An important goal of TBI clinical trials is to achieve market-ready therapeutics that improve patient outcomes. Qualification of a primary endpoint through the FDA's Drug Development Tool program can facilitate FDA approval for new therapeutics. To be considered for qualification, the FDA requires that a Clinical Outcome Assessment be supported by evidence of being “well-defined and reliable” in measuring a Concept of Interest (e.g., a symptom, such as fatigue) in a specified Context of Use (COU).⁸⁰

The FDA defines COU as a comprehensive statement that fully and clearly describes the way an outcome measure is to be used and the drug development-related purpose of the use (e.g., enriching a clinical trial in mild to moderate TBI by selecting only patients with early neuropsychological impairment). The COU delineates the boundaries within which the available data adequately justify use of an outcome measure and describes important criteria regarding the circumstances under which the measure is qualified.

The FDA recognizes different types of clinical outcome measures. The cognition composites described above are performance outcomes for cognition (the construct of interest). They are derived from a series of standardized tasks performed by a patient according to instructions from a trained professional.

Like all endpoints, a cognition composite will only be valid in a defined COU. We anticipate that a cognition composite will be appropriate as a primary or secondary endpoint for studying interventions that target cognition directly (e.g., attention training) or underlying neurophysiological processes that support brain function (e.g., with a neuroprotective drug). It is not appropriate as the sole endpoint for interventions designed to promote survival, but might enhance such a trial with further understanding of the implications of those interventions on cognition.

For interventions with a known specific mechanism, a more proximal outcome would be preferable (e.g., slowed intracranial hemorrhage growth on serial CT for tranexamic acid), at least in the early stages of drug development.⁸¹ For interventions that target a narrow aspect of cognition (e.g., mental imagery for prose memory),⁸² a specific cognitive domain score may be more appropriate than a global cognition composite.

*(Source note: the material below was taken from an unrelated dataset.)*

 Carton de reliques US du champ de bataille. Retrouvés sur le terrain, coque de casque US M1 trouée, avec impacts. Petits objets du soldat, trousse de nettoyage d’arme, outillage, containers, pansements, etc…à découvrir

Neuropsychological tests are not designed to capture the transition from coma to minimally conscious state. An aspirational goal is to develop a cognition composite that will be suitable for patients with mild to severe TBI who are in the post-acute stage of recovery, excluding those with a persistent disorder of consciousness. Studies are needed to determine whether the cognition composite retains psychometric robustness (1) across the full range of pre-morbid ability, TBI severity, and time since injury, and (2) with variations in the specific tests that comprise it. Empirically based consensus recommendations on specific measures for TBI clinical trials can then provide guidance on the COU (i.e., what measures to use based on acuity, population, setting, and form of intervention under study).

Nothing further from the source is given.